In the early 90’s, the Internet was very unlike what we see or think of today. Interacting and sharing information was with Usenet newsgroups, forums, anonymous ftp sites, email, and email lists. I was so influenced by these early Internet movements that I started an Internet Service Provider, ISP, with a rack of ZyXEL modems, and a “co-location” (COLO) offering that was literally in my closet, during this time (with Novell’s permission) called Infonaut.com. I sold this ISP a few years later to another ISP.
During this time of change and Internet adoption were various technical conferences, like USENIX, where information and trends were shared. At one USENIX conference I attended, I was sitting at a small table eating lunch, surrounded by lots of people doing the same, and I see Dennis Ritchie (co-inventor of the C Programming Language with Brian Kernighan) walking toward, then past, me. Cool, at least this was for me at that age. He was one smart dude, no doubt. Regardless of what you know of him, in high-tech software and platforms he is clearly a demi-god; or at least the trio of him, Ken Thompson and Brian Kernighan being demi-gods together. This trio of collaborators created the very influential UNIX operating system while at Bell Labs back in the ‘70s. It would be hard to argue against this creation being the most valuable and influential software platform, invented to date. The simplicity, approach, technical implementation and architecture were ahead of their time and, though many find UNIX cryptic or difficult, it was easily extendable. There may have been better OS approaches around at the time, or even since, but none have had the influence of what they created.

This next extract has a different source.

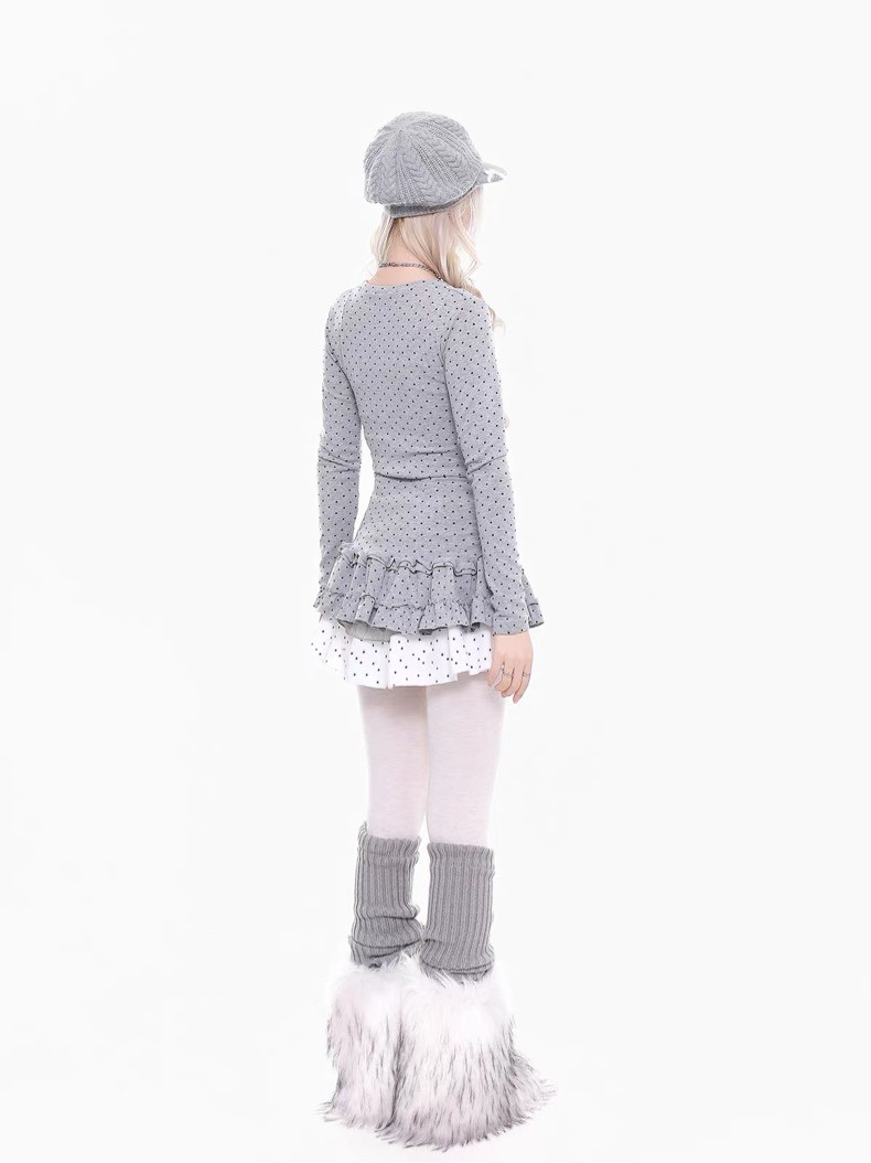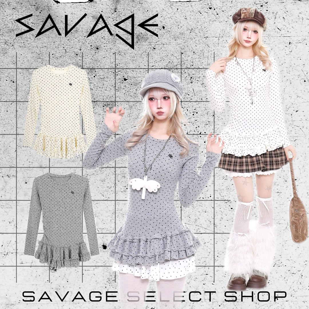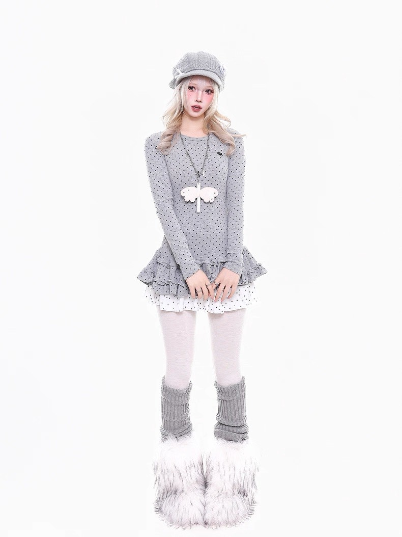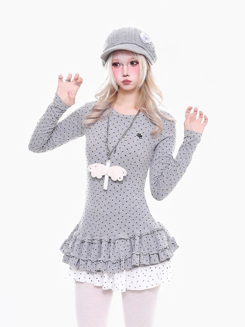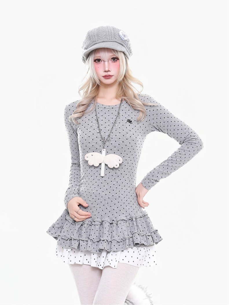#上身 #上衣 #長袖 #合身 #裙襬 #點點 #疊穿

In early 1991 I had a “pizza box” NeXT computer on my desk. It was one of the few NeXT computers in the company. I was a huge fan of the NeXT, its MACH microkernel and BSD UNIX operating system, the use of Objective-C, and its clever user interface and collective OS experience, called NeXTSTEP. To this day, I still have the “dock” on my Macbook on the lefthand side mimicking what NeXTSTEP did. There is a cool history about this platform starting with Steve Jobs at Apple, then after “leaving”, or being asked to leave, Apple, starting NeXT, finding and working with Avie Tevanian, who was very bright out of CMU working on MACH, Apple then buying NeXT, Steve becoming CEO again and then Apple adopting NeXTSTEP as the basis for MacOS. But, I already digress.

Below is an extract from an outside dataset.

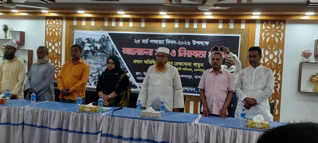 কেশবপুর উপজেলা প্রশাসনের আয়োজনে বুধবার সকালে ২৫মার্চ গণহত্যা দিবস ২০২৬ উপলক্ষে পরিষদের হল রুমে আলোচনা সভা ও নিরবতা পালন অনুষ্ঠিত হয়েছে।

I found, during some research, an app out of CERN in Europe, around this time. It was the first browser produced by Tim Berners-Lee (now, Sir Tim Berners-Lee) of what he called the WorldWideWeb. The first “app” he built was on the NeXT. I downloaded and ran it. At the time, I showed this simple app to a good friend of mine with words describing it like a “hypercard over the net” app and indicated that I thought this was “cool” and something that a networking company, like Novell, ought to investigate as to document and information exchange. What a missed opportunity. Even back then, I had a feeling that information exchange and access was intensely valuable as I was an active participant in the many, then current, methods for such exchanges. I’m not saying that I saw the current Internet/Web from this nascent beginning, though I did see one of the appeals was an easier form of, and easier methods for, information exchange. Tim’s approach of using a defined visualization language methodology of an SGML DTD, that being HTML, as the markup language for his app was smart, building on what was before it. Why reinvent when you don’t have to? Tim invented HTTP (Hyper Text Transport Protocol, the protocol of the “web”) and it was brilliant in its simplicity; the only action of the first version of HTTP was “GET”, as in “get a page.” This simple beginning has led to an amazing “platform” for interaction and exchange of information and, now, services. Wow! I wish I had seen all that coming at that time, but I didn’t.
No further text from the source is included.